A Data-Driven DA-LSTM Approach For Predicting PEMFC Degradation Trends in Dynamic Load Conditions


Ekmekçi N. K., Uyar M.

9th International Hydrogen Technologies Congress, İzmir, Türkiye, 25 - 28 Mayıs 2025, ss.935-938, (Tam Metin Bildiri)

  • Yayın Türü: Bildiri / Tam Metin Bildiri
  • Basıldığı Şehir: İzmir
  • Basıldığı Ülke: Türkiye
  • Sayfa Sayıları: ss.935-938
  • Bursa Uludağ Üniversitesi Adresli: Evet

Özet

This study proposes a data-driven dual attention long short-term memory (DA-LSTM) approach for predicting the degradation trends of proton exchange membrane fuel cells (PEMFCs) under dynamic load conditions.
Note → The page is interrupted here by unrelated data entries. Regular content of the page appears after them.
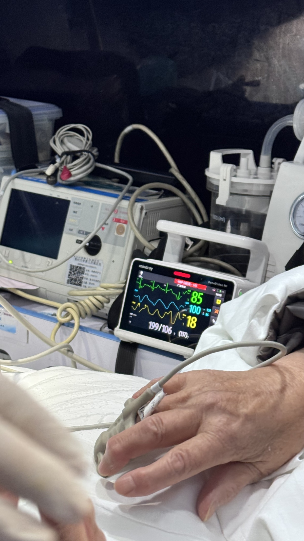 抵达患者所在小区后,急救团队带着心电监护等设备快步上楼。经检查,老人血压已高达200/106毫米汞柱,属于高血压急症诱发的呕吐。
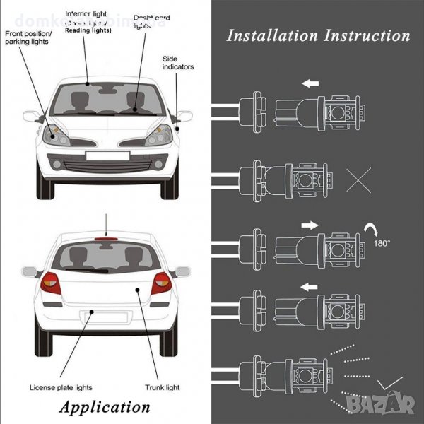 Приложими за : габарити, интериорни светлини светлини за часовник куполни светлини,осветление на вратите на праговете на задният номер за плафони мигачи . резервни светлини , задни габарити .
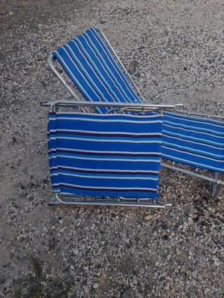 Dos tumbonas plegables ideales para la playa o piscina. Son fáciles de transportar y guardar. En el maletero 45€ casa una son dos no envios solo en persona muy cómodas no pesan nada y fácil de plegar - Estructura metálica resistente. - Tejido de rayas azules y blancas.
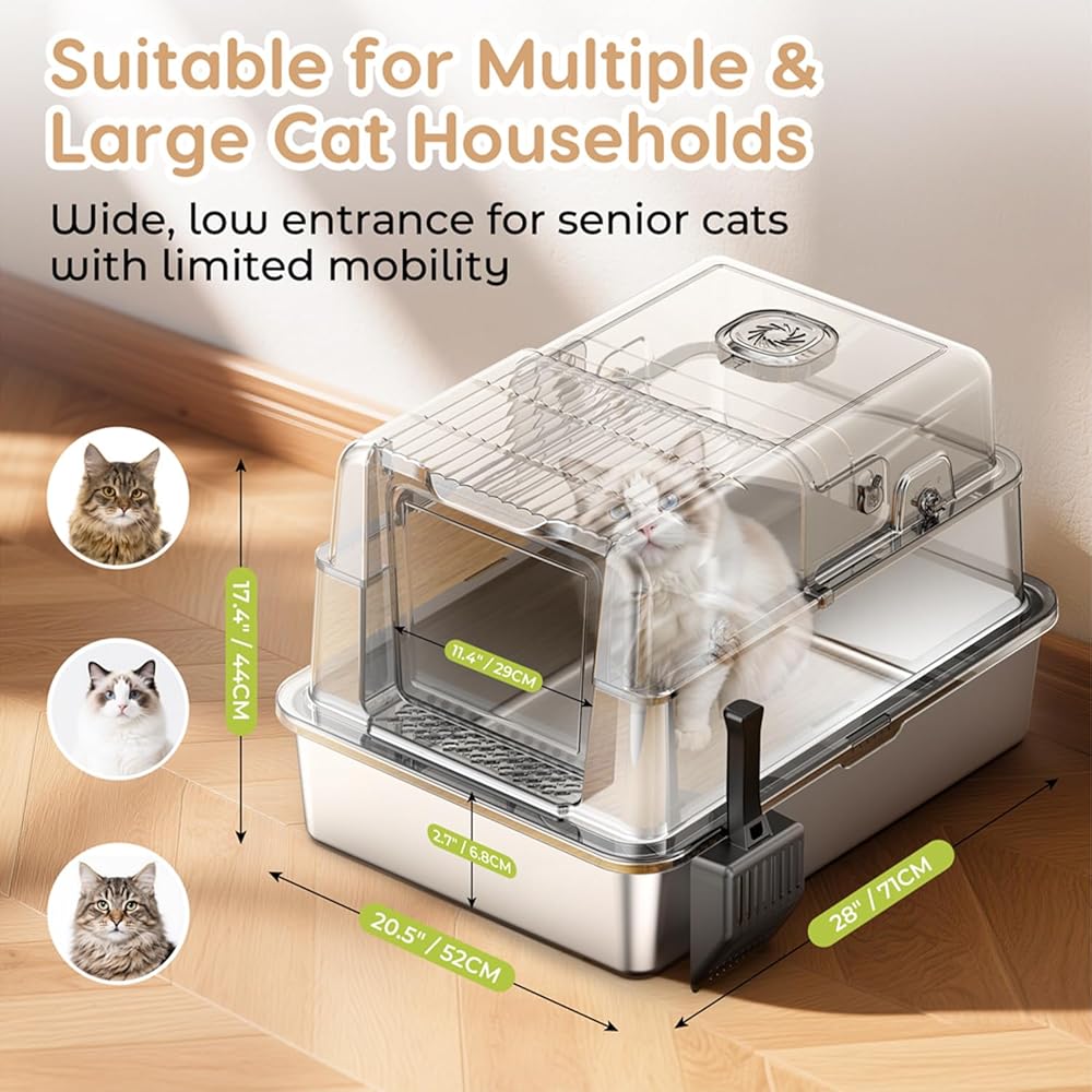 • 【تصميم سعة كبير + 80L】 XXL يقيس صندوق القمامة على مدار 24 "× 16" × 15.6 ". وصول المساحة المرفقة إلى 80 لترًا ، مما يوفر مساحة واسعة للقطط. مثالية للسلالات الكبيرة مثل مين كونز/رادوولز (أقل من 30 رطلاً). إضافة 20 رطلاً-السفر أو العمل خالية من القلق لأسابيع.
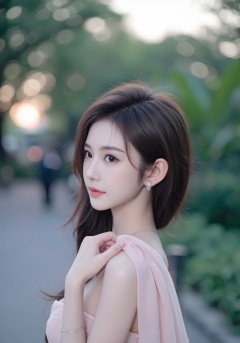 This is a high-resolution photograph featuring an Asian woman with a delicate,ethereal appearance. She has smooth,fair skin,large,almond-shaped eyes with a subtle makeup look,and full,pink lips. Her dark,straight hair cascades in soft waves,framing her face. She wears a strapless,pale pink dress with a fitted bodice,and a sheer,flowing pink fabric draped over her shoulders,adding a touch of elegance. Her jewelry includes small,sparkling stud earrings and a delicate bracelet on her left wrist. The background is a blurred,bokeh effect,suggesting a serene outdoor setting,possibly a garden or park,with lush greenery and a hint of a sunset or early morning light,creating a dreamy atmosphere. The overall composition and lighting emphasize the subject's delicate beauty and the serene,romantic ambiance of the scene.,<lora:3e752b:0.75>,
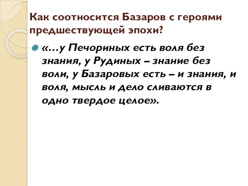 знания, у Рудиных – знание без воли, у Базаровых есть – и знания, и воля, мысль и дело сливаются в одно твердое целое».

Addressing key challenges in fuel cell durability and reliability, the proposed model is compared against traditional long short-term memory (LSTM) architectures to assess its effectiveness in capturing complex degradation patterns. The predictive performance of each model is evaluated using root mean squared error (RMSE), mean absolute error (MAE), and the coefficient of determination (R²). The results demonstrate that DA-LSTM outperforms the conventional LSTM model, offering enhanced feature selection and improved long-term prediction accuracy through its dual-stage attention mechanism. These findings highlight the potential of DA-LSTM for fuel cell prognostics, providing a robust framework for prognostics and health management (PHM) systems and advancing the development of sustainable energy technologies.